Rather than actually solve the problem of filtering WYSIWYG input/output, providing a solution for creating easy to create and maintain semantic HTML, Mozilla shunted it aside and now use a stack of custom tooling and libraries and yet another Markdown-alike variant text format with their own scripting embeds and then patted themselves on the backs for all the effort they "saved".

Mozilla is supposed to be the standard bearer for web standards. It's sad to see that bunch of myopic techies decided to go with a trendy solution that just trashed a core principle of the organization (#6) for one of its most important products. It set an example others are now following, and as a result, MDN put the web back probably two decades.



Rather than embarking on something that proved to be hard by decades of trying, or inventing something complex and unique, Mozilla took a less powerful existing tool, very simple and well known to every contributor.

They acted as if they tried to make it simple and easy for the community to keep MDN up and up to date. Outrageous!

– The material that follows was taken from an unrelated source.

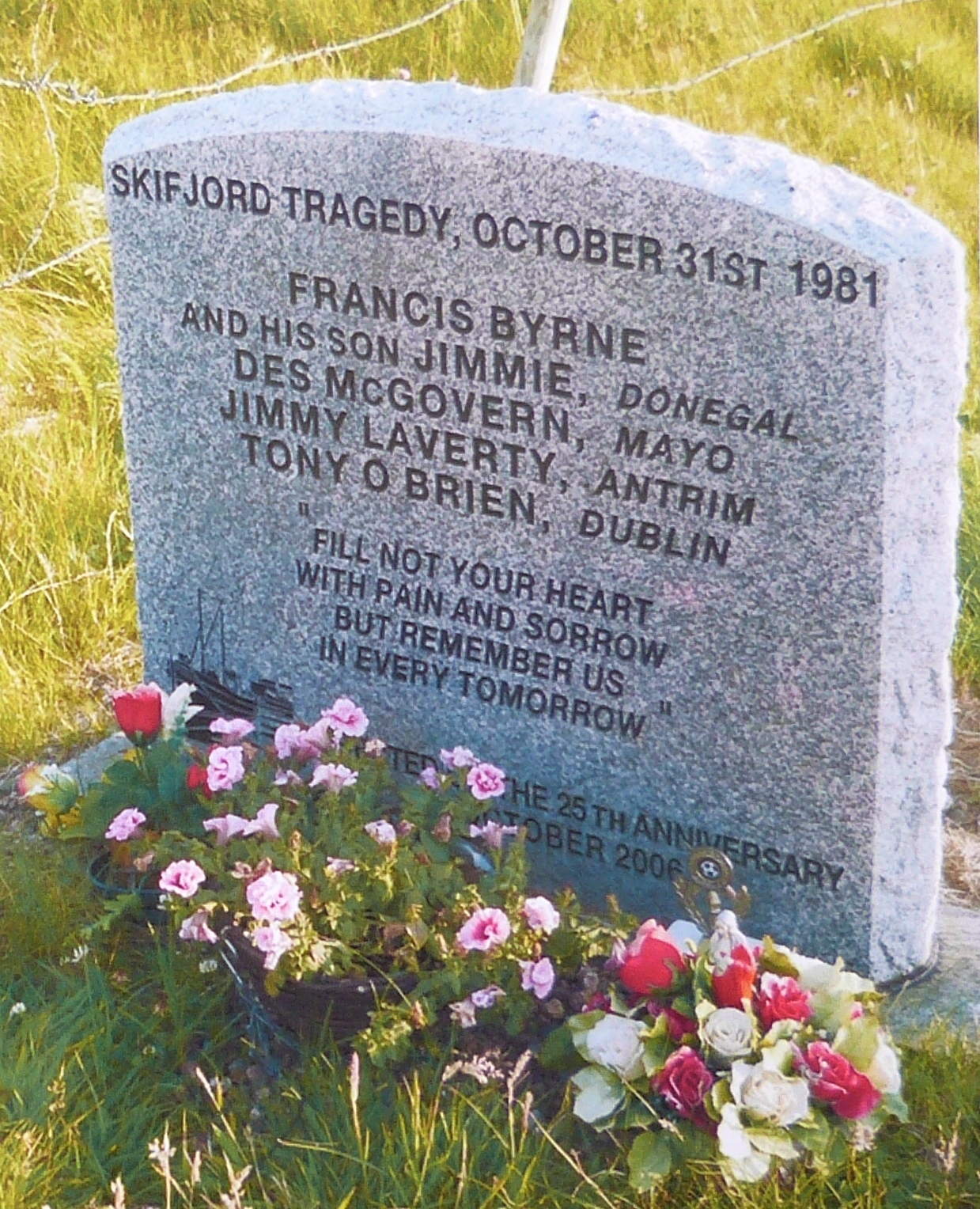 The SKIFJORD TRAGEDY – skjedde 31. oktober 1981. Fem menneske miste livet. Først står innhogge: Francis Byrne, deretter: sonen Jimmie, begge frå fylket (county) Donegal. Vidare: Des Mac Govern frå Mayo, Jimmy Laverty frå Antrim og Tony O Brien frå Dublin. Under namna står ord om smerte og sorg:

Well, by the book and its origins, there is no improvement just because in Markdown you can use any HTML. Markdown itself is part of the try when you follow the path of its history and when marketed as a subset, it means (and that approach may be valid), let us go back and reduce to the early set of HTML tags.


I wrote enough basic HTML tags back in 1995 to say that writing _this way_ is way more ergonomic than <i>this way</i>.

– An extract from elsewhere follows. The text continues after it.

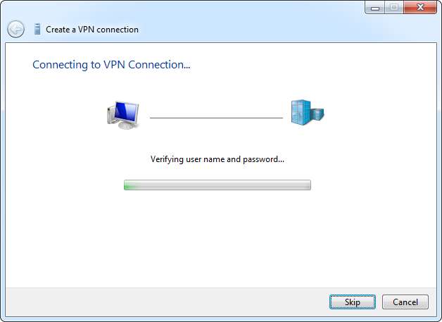Windows vás připojí k VPN, kterou jste nakonfigurovali. Pokud jste na první obrazovce zaškrtli políčko „Nepřipojovat nyní“, systém Windows uloží připojení VPN, abyste se mohli snadno připojit později.

The thing is that HTML (and SGML) was invented, but Markdown was discovered as a set of best practices through decades of text-only mailing lists. This is something that many people found natural enough.


Sure, if adding symbols to text is enough, why do more?

It's bending perhaps history of mankind in my book a little too much, saying the author of Markdown has discovered that and not lets say, someone else the "one or other" millennia earlier.

And writing on the computer is commonly the least ergonomic form of writing at all.


I've upbooped this perspective but I disagree. Markdown trivially compiles to HTML and is justifiably loved (aside from the proud markdown haters, old and jaded and scarred by it not working for their weird usecase that one time), and you haven't suggested an alternative which addresses the problems they had with the mess caused by wysiwyg output. But maybe you have a better solution? Beyond the entitled expectation that it's someone elses job to fix it.

Also #6 of their manifesto is about interoperability. Markdown is a great choice for this if you are consistent in your approach. No lock in, human and readible.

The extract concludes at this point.